There is increasing presumption that the “state” knows better than parents and has the right to intervene. Of course, in cases of unarguable abuse this is absolutely justified. But what about when “professionals” go behind the back of parents, or deliberately mislead them, to give advice and treatments regarding controversial matters, like gender identity or birth control? This clearly diminishes trust between families and the state with all the disastrous consequences that ensue. These are highly debatable and contentious issues on which professionals should at most be neutral, allowing parents as much freedom as possible to shape their children’s development (providing they do not incite hatred of others). Of course, when age 16 or 18 is reached, then young people can enjoy more freedom to make life-changing decisions, but the state should not (for example) be facilitating a 14-year-old girl taking a male name. I often wonder how much LGBT groups are actively seeking to add to their numbers, sowing seeds of doubt and persuading people that they are trapped in the wrong bodies or prefer the same sex. Why, for example, are “drag queens” being parachuted into primary schools for story time?

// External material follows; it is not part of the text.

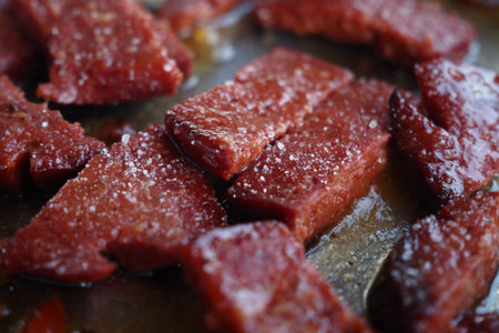 Beef jerky pieces. Sliced pieces of dry meat on a stone floor. close up

Ideally, the state exists to defend the families and individuals against oppression, maximising freedoms, not trying to define a narrow version of what is right or wrong.

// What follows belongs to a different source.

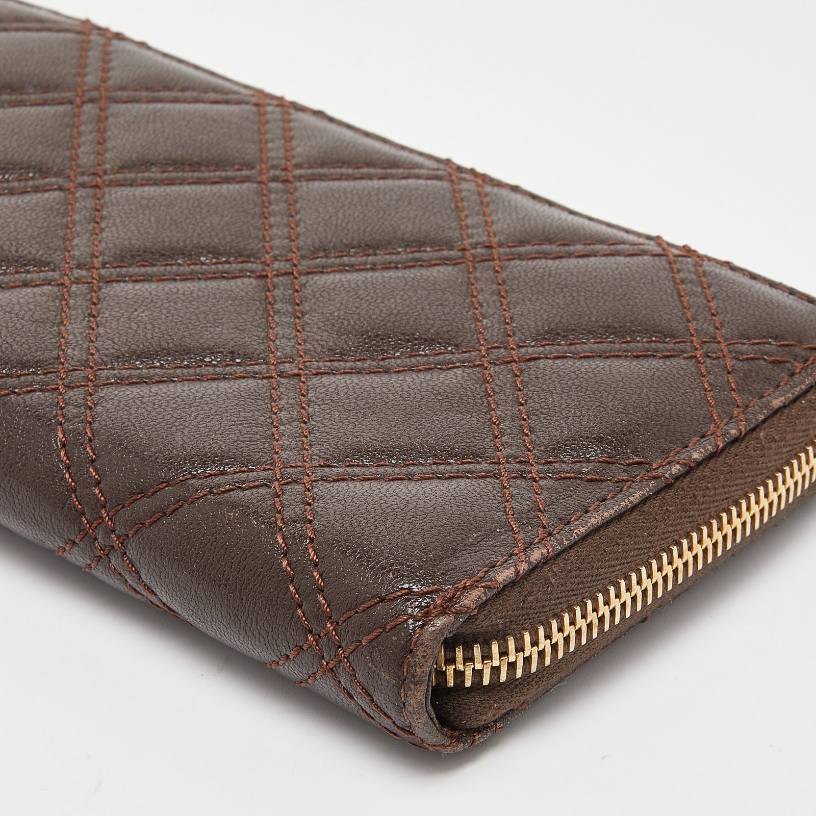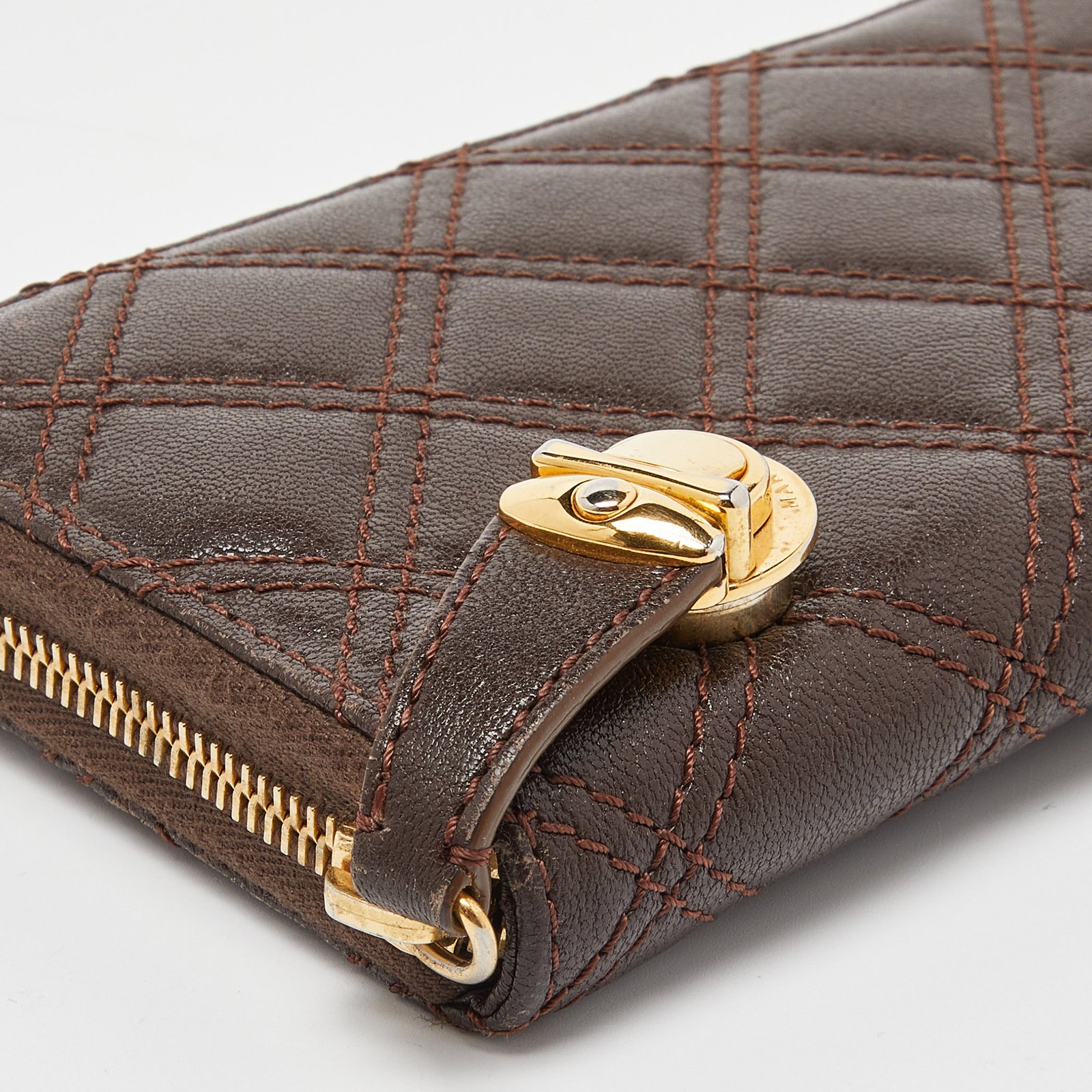 Marc Jacobs Brown Quilted Leather Deluxe Zip Around Wallet

How absurd that in the tragic case of Alfie Evans, Alder Hays hospital is actively working against treatment and care options being offered by Italy. They want and expect him to die anyway, so why are they concerned if this happens in a foreign hospital, especially after discovering that he was capable of breathing unassisted much longer than they expected. Do they fear he might recover and prove them wrong? This is an act of real compassion from Italy, accorded with the desires of the parents and our refusal to allow the transfer makes Britain seem cold and heartless (just at the same point as our treatment of the “Windrush Generation” proves that point).

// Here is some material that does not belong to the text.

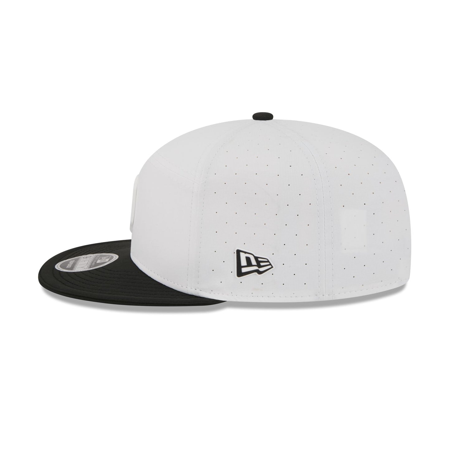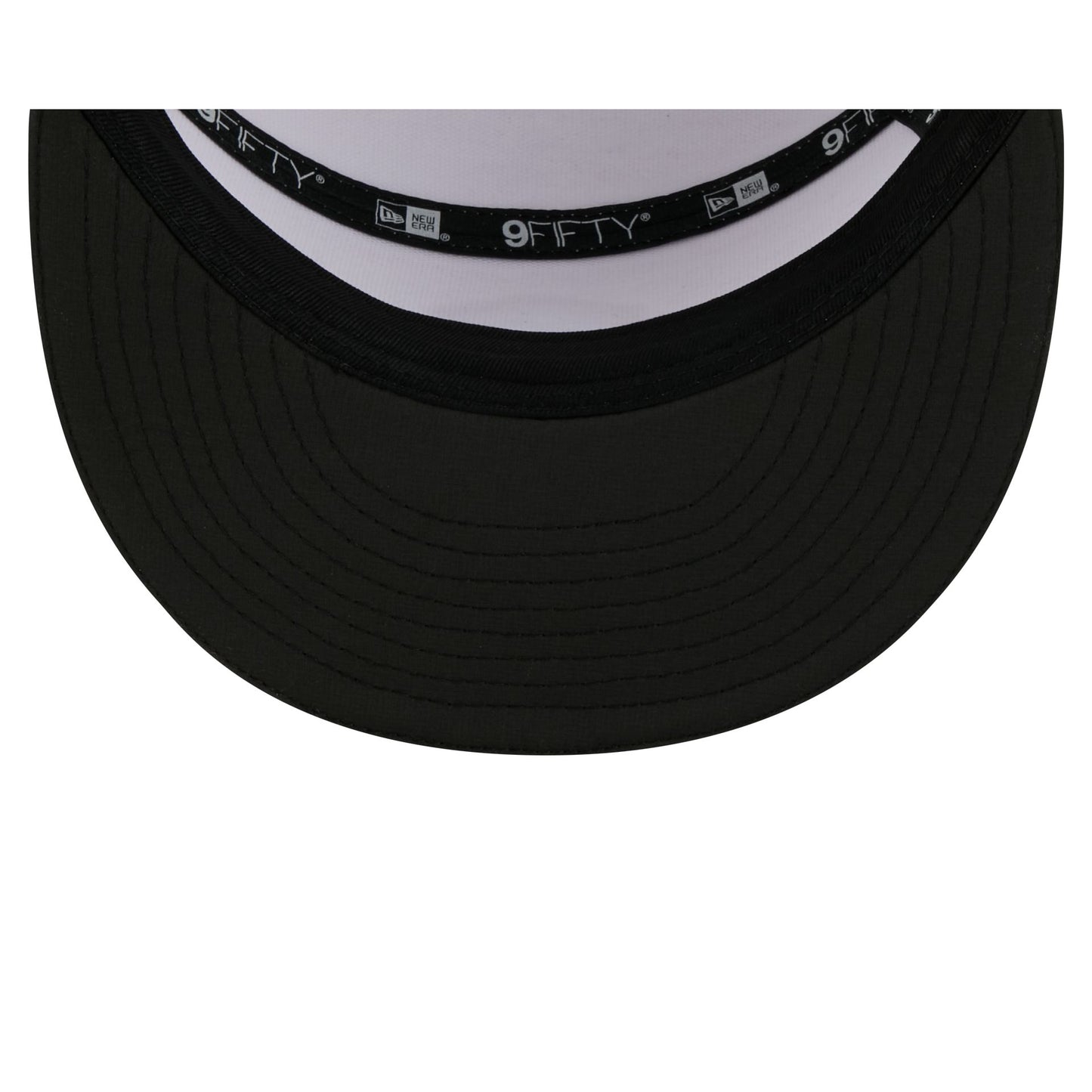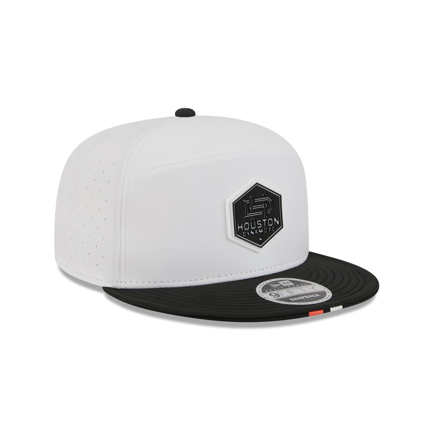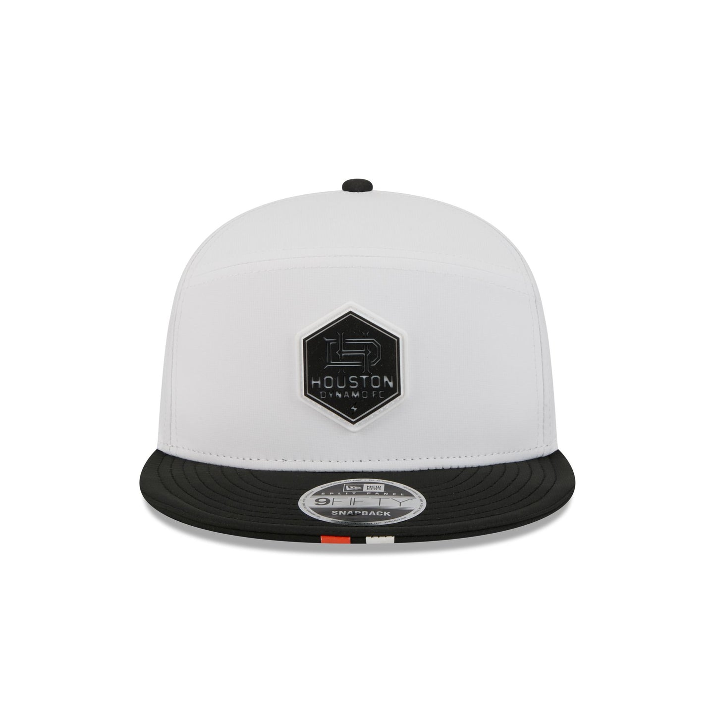 The Houston Dynamo 2026 MLS Kickoff Split Panel 9FIFTY Snapback features a stitch-down silicone Dynamo logo patch at the front panel with a matching woven MLS Shield tag above a snapback closure at the rear. Additional details include a quill tech performance fabrication with a black visor accented with team color stripes at the front.

Surely, we must remember the case of Ashya King, who saw her parents hunted across Europe after they decided to remove him from hospital and take him to the Czech Republic for proton beam therapy. Today, Ashya is in remission and doing well.

We need to realise the sacrifices of parents. They have given birth to this child, carried in the womb for nine months, nursed over many long nights, love and fought for their child. They are closest to the little defenceless human being who is battling for their life. Most British mums and dads might decide to withdraw treatment in situations like Alfie’s but there will be some, through sincere beliefs and values, who will want to do everything possible and have the capacity to continue that struggle for survival. Alfie’s was an undiagnosed, “mystery” condition – who is to say that two or three years down the line, we do not learn more and discover that he could have been treated, or a miracle happens and he suddenly recovers? Who are the doctors to deem Alfie’s life as worthless?

Given the circumstances of the transfer offered to Italy and the fact that the British taxpayer would not even be paying for this further treatment/care, I simply cannot see why this has been allowed to happen. I would support the initiative by MEP Steve Woolfe and “Parliament Street” to change the country’s law to help parents maintain control over the medical care of their children, within suitable safeguards.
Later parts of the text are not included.